__Instructions for the task__
Give back exactly the stretch of data below from the line holding "Три игры в одной" through the line holding "Gold Tier Real", both ends included, and leave the remaining lines out.

__Supplied information__
########
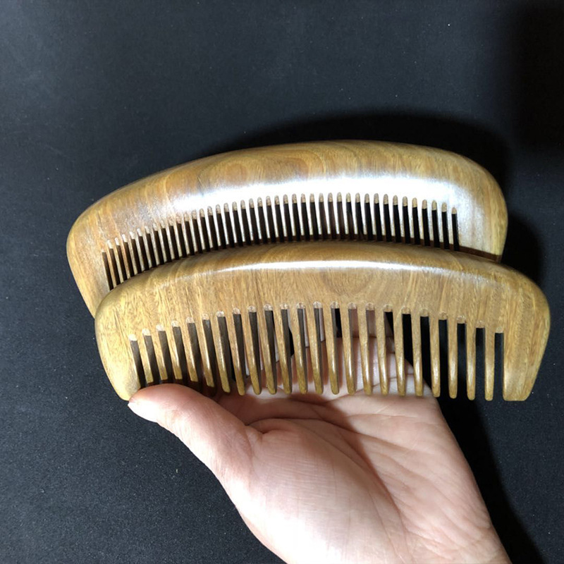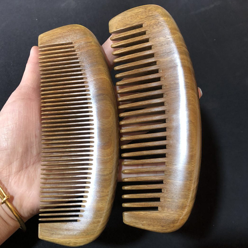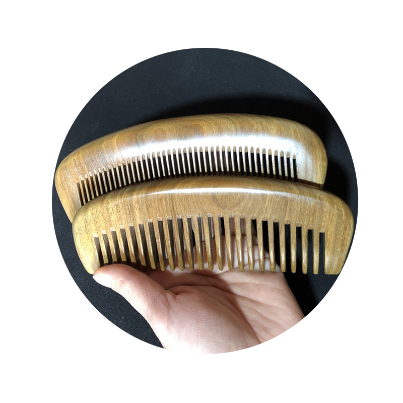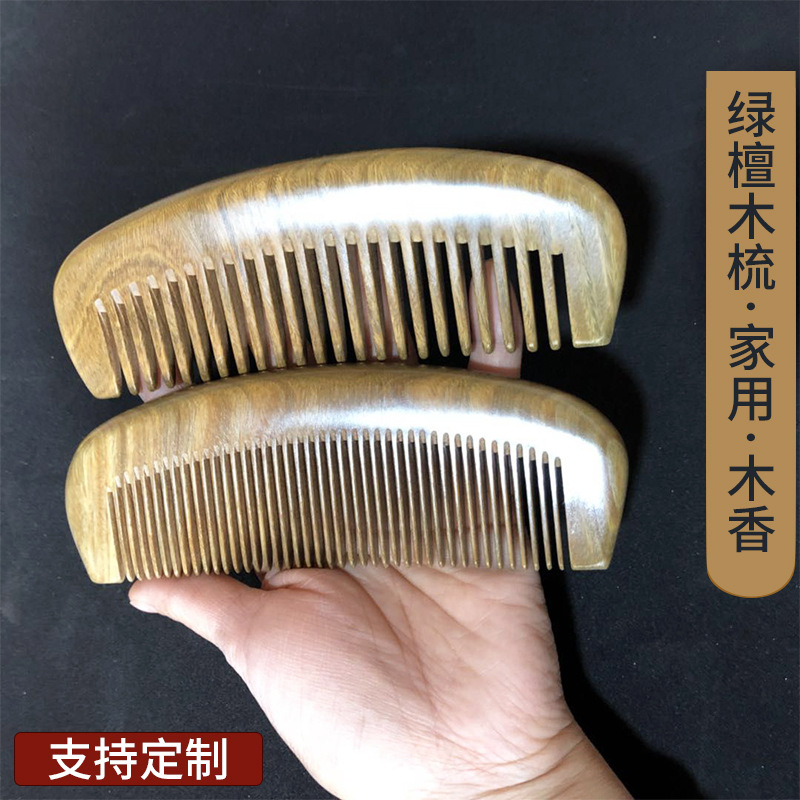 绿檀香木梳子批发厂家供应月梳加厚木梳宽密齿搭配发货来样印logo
########
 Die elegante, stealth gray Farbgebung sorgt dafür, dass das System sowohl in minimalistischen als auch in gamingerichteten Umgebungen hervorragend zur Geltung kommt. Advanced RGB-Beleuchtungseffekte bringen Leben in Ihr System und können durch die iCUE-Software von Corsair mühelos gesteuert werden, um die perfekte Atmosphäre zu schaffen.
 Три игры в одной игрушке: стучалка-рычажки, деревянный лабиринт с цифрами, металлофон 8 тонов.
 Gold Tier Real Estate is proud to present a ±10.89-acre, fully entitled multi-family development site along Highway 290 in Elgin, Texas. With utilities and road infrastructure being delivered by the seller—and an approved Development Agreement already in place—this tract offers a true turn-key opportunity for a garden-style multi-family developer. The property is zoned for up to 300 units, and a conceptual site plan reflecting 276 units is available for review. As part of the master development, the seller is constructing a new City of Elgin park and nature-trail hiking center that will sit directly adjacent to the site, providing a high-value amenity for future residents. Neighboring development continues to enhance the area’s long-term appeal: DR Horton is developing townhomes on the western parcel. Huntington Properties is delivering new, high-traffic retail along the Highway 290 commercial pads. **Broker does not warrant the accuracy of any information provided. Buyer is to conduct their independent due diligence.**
########
__Finished task__
 Три игры в одной игрушке: стучалка-рычажки, деревянный лабиринт с цифрами, металлофон 8 тонов.
 Gold Tier Real Estate is proud to present a ±10.89-acre, fully entitled multi-family development site along Highway 290 in Elgin, Texas. With utilities and road infrastructure being delivered by the seller—and an approved Development Agreement already in place—this tract offers a true turn-key opportunity for a garden-style multi-family developer. The property is zoned for up to 300 units, and a conceptual site plan reflecting 276 units is available for review. As part of the master development, the seller is constructing a new City of Elgin park and nature-trail hiking center that will sit directly adjacent to the site, providing a high-value amenity for future residents. Neighboring development continues to enhance the area’s long-term appeal: DR Horton is developing townhomes on the western parcel. Huntington Properties is delivering new, high-traffic retail along the Highway 290 commercial pads. **Broker does not warrant the accuracy of any information provided. Buyer is to conduct their independent due diligence.**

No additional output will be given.